• Task objective:
The lines to copy run from the one containing "- Add the 'group'" to the very end of the records; give them exactly, and only them, without pictures.

• Dataset:
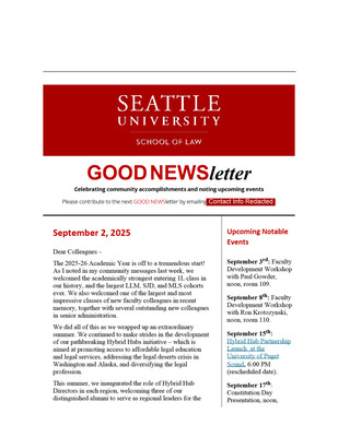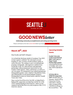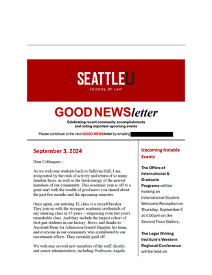 Published by the Seattle University School of Law Dean's Office, the GOOD NEWSletter highlights recent community accomplishments and notable events.
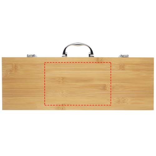Set da barbecue in bambù composto da 5 pezzi: spatola (40 x 9,5 cm), pinza (34,5 x 6 cm), forchettone (38,5 x 3 cm), coltello (38,5 x 3 cm) e spazzola (38 x 4,3 cm). Il set viene consegnato in una confezione regalo in bambù (46 x 16,2 x 7,4 cm). I manici e la confezione regalo sono realizzati in bambù ottenuto e prodotto in base a standard ecosostenibili.
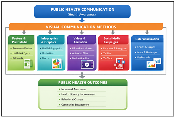 Figure 1 Visual Communication Methods in Public Health The Table 1 shows the key visual techniques that are employed in health campaigns by the state. It all boils down to public health communication whose focus is to create health-related information to the populace. Posters, infographics, videos, social media campaigns, and data visualization tools are some of the visual forms of communication that are essential in the simplification and presentation of intricate health data in an exciting way. These images enhance the comprehension and readability of messages at various levels of literacy. Therefore, positive visual communication helps to enhance health awareness, health literacy, positive behavior change, and community involvement in community health programs. 4.1. Existing Methods in Public Health Visual Communication Public health visual communication involves the application of visual representation as images, graphics, symbols and multimedia information to communicate health related messages to the masses. Given that most health information is sometimes complicated and non-experts might not understand it, the use of visual means of communication enables simplification of messages and makes them comprehensible by various groups of people. With time, various techniques have been devised and are extensively employed by governments, health organizations, and non-governmental organizations to encourage health awareness and disease prevention as well as behavioral change Nanchang et al. (2025). 1) Print-Based
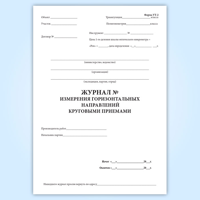 Журнал измерения горизонтальных направлений круговыми приемами (форма УТ-2) в Хотьково купить
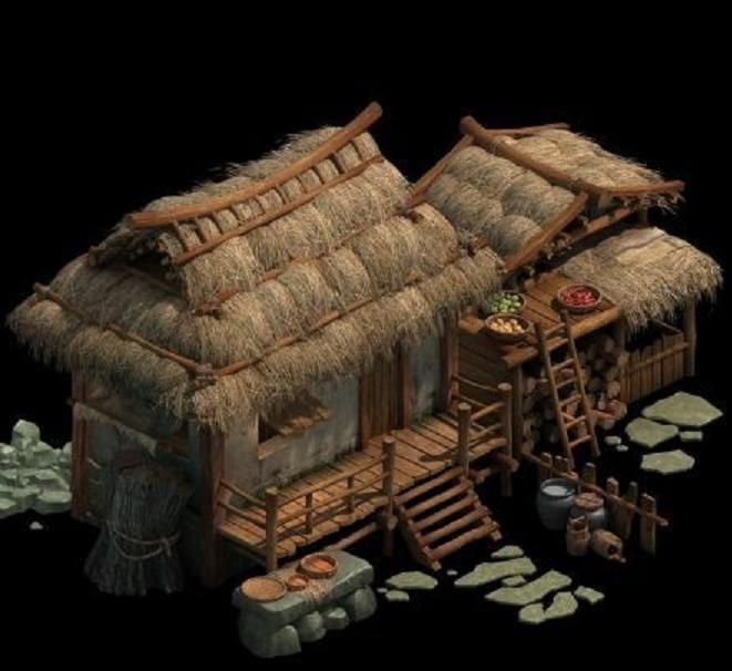 水屋、高脚屋、建造在水面上的茅草棚屋可以参照这种样子: 有围墙的茅草棚屋,没围墙,围栏也可以啊,超喜欢这种风格:
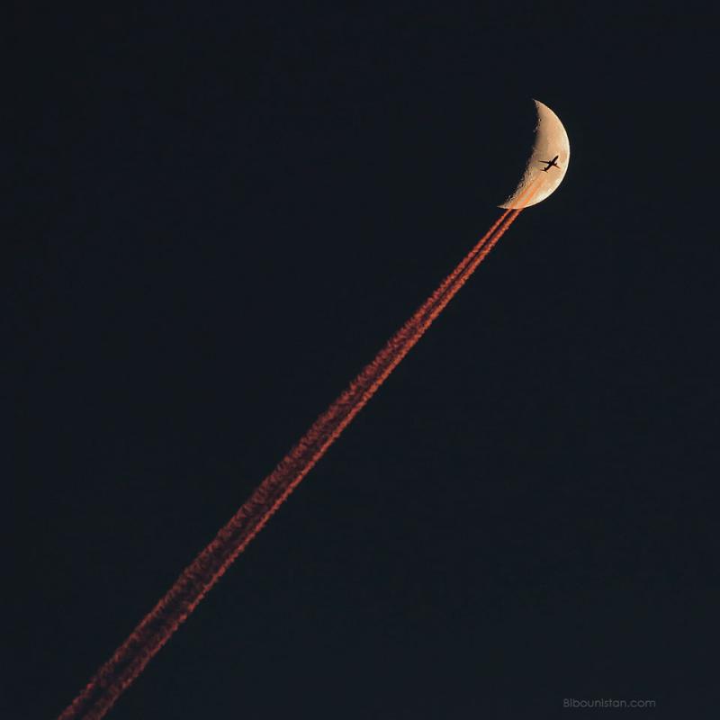 No, this is not a good way to get to the Moon. What is pictured is a chance superposition of an airplane and the Moon. The contrail would normally appear white, but the large volume of air toward the setting Sun preferentially knocks away blue light, giving the reflected trail a bright red hue. Far in the distance, well behind the plane, is a crescent Moon, also slightly reddened. Captured a month ago above Valais, Switzerland, the featured image was taken so soon after sunset that planes in the sky were still in sunlight, as were their contrails. Within minutes, unfortunately, the impromptu sky show ended. The plane crossed the Moon and moved out of sight. The Moon set. The contrail became unilluminated and then dispersed.
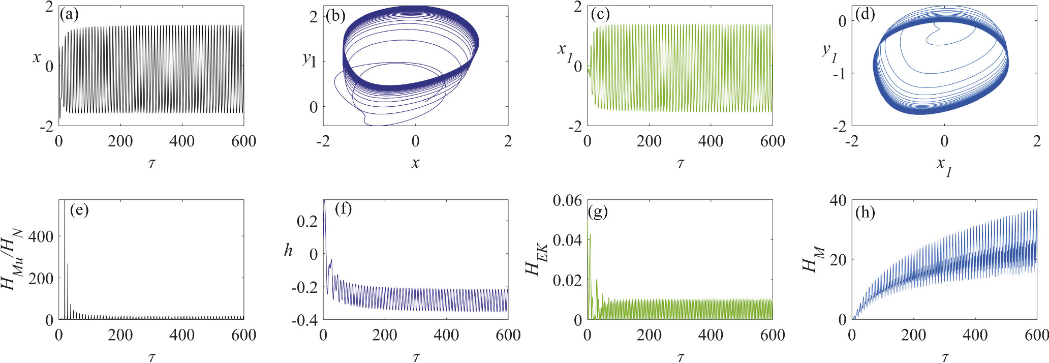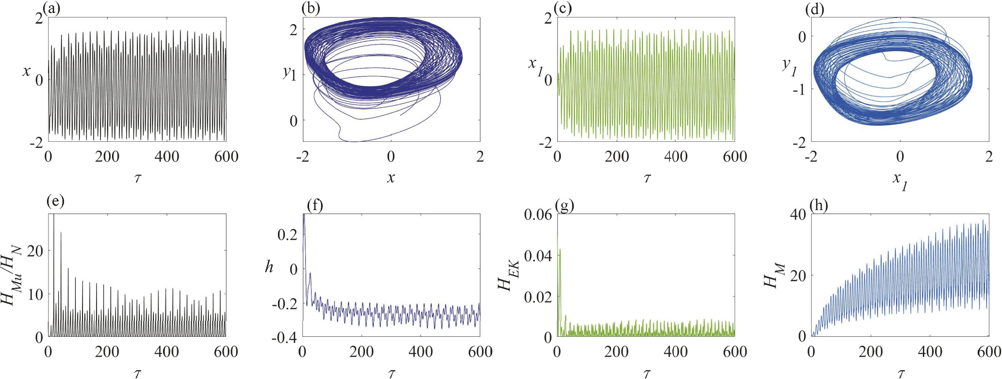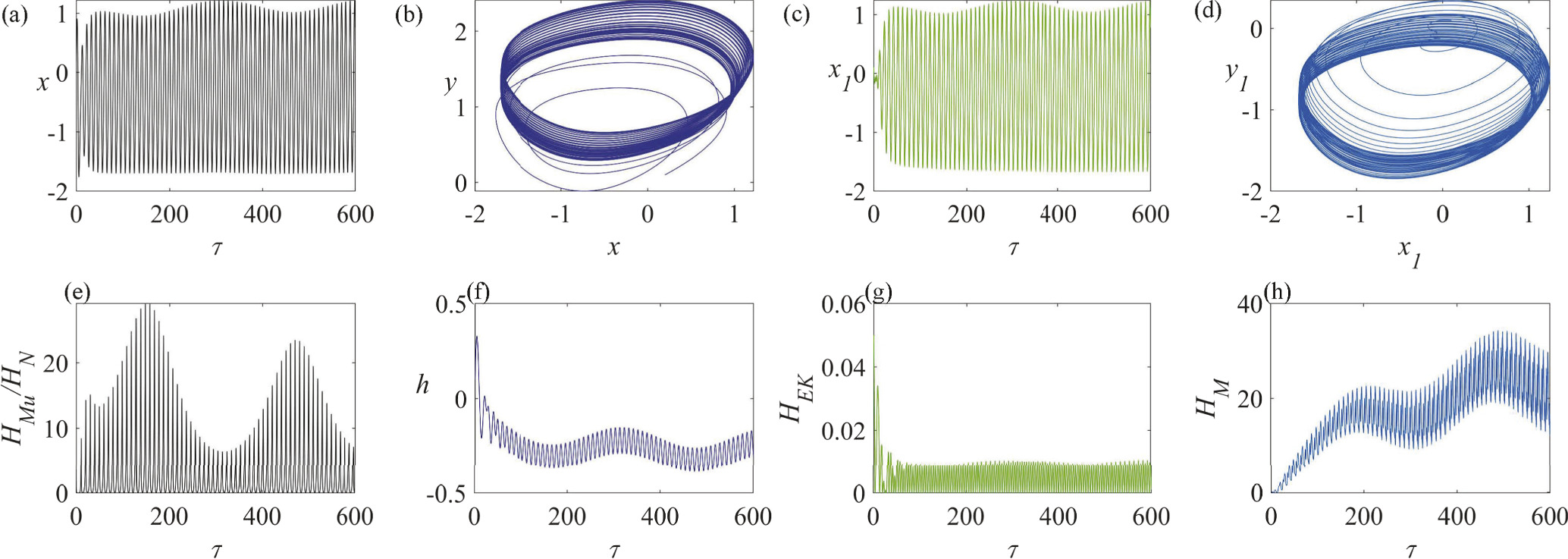 Figure 12. The chaotic firing state of a memristor synapse-coupled system involving a neuron and a skeletal muscle cell: (a) the membrane potential of the neuron; (b) the attractor of the neuron circuit; (c) the membrane potential of the skeletal muscle cell; (d) the attractor of the skeletal muscle cell circuit; (e) the temporal evolution of the Hamiltonian energy ratio between the skeletal muscle cell and the neuron; (f) the temporal evolution of the displacement of the active beam; (g) the temporal evolution of the kinetic energy of the active beam; (h) the temporal evolution of the field energy in the memristor-coupled channel. The parameter values are set to k1 = 1.8. |
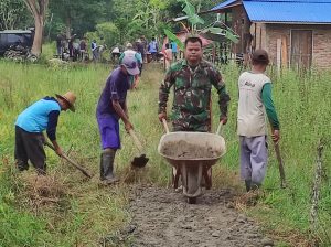 BARABAI-Guna memantapkan kemanunggalan TNI-Rakyat, Koramil 1002-06/Barabai melaksanakan gotong royong bersama warga binaan di desa Ayuang Kecamatan Barabai Kabupaten Hulu Sungai Tengah (HST) Kaliman Selatan.Selasa (19/07).
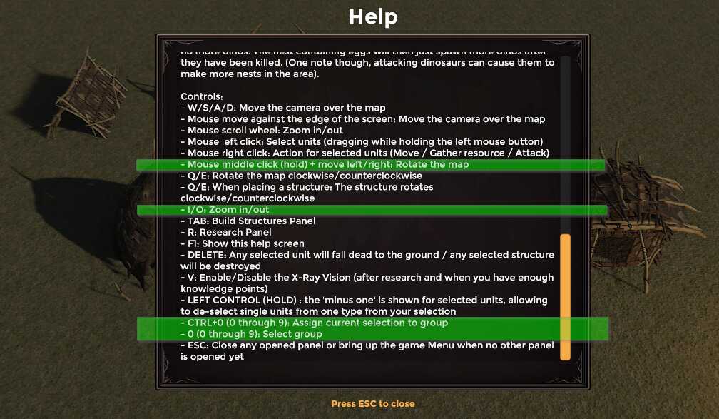 - Add the 'group' controls functionality to the Help text: press any number from 0 to 9 to select a group, and CTRL+0 (to 9) to assign the current selected units to a group.
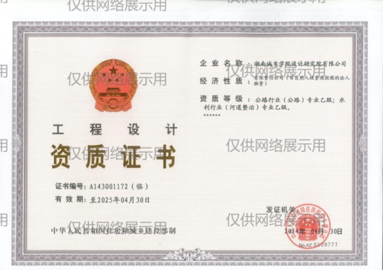 经中华人民共和国住房和城乡建设部审批,我司下属校办企业设计研究院有限公司成功获批公路行业(公路)专业乙级资质证书(临)、水利行业(河道整治)专业乙级资质证书(临)。此次资质的获得,标志着公司在水利、公路工程设计领域再获佳绩,资质体系不断完善,大幅提高该企业市场全过程综合竞争力。

• Reply to the exercise:
 - Add the 'group' controls functionality to the Help text: press any number from 0 to 9 to select a group, and CTRL+0 (to 9) to assign the current selected units to a group.
 经中华人民共和国住房和城乡建设部审批,我司下属校办企业设计研究院有限公司成功获批公路行业(公路)专业乙级资质证书(临)、水利行业(河道整治)专业乙级资质证书(临)。此次资质的获得,标志着公司在水利、公路工程设计领域再获佳绩,资质体系不断完善,大幅提高该企业市场全过程综合竞争力。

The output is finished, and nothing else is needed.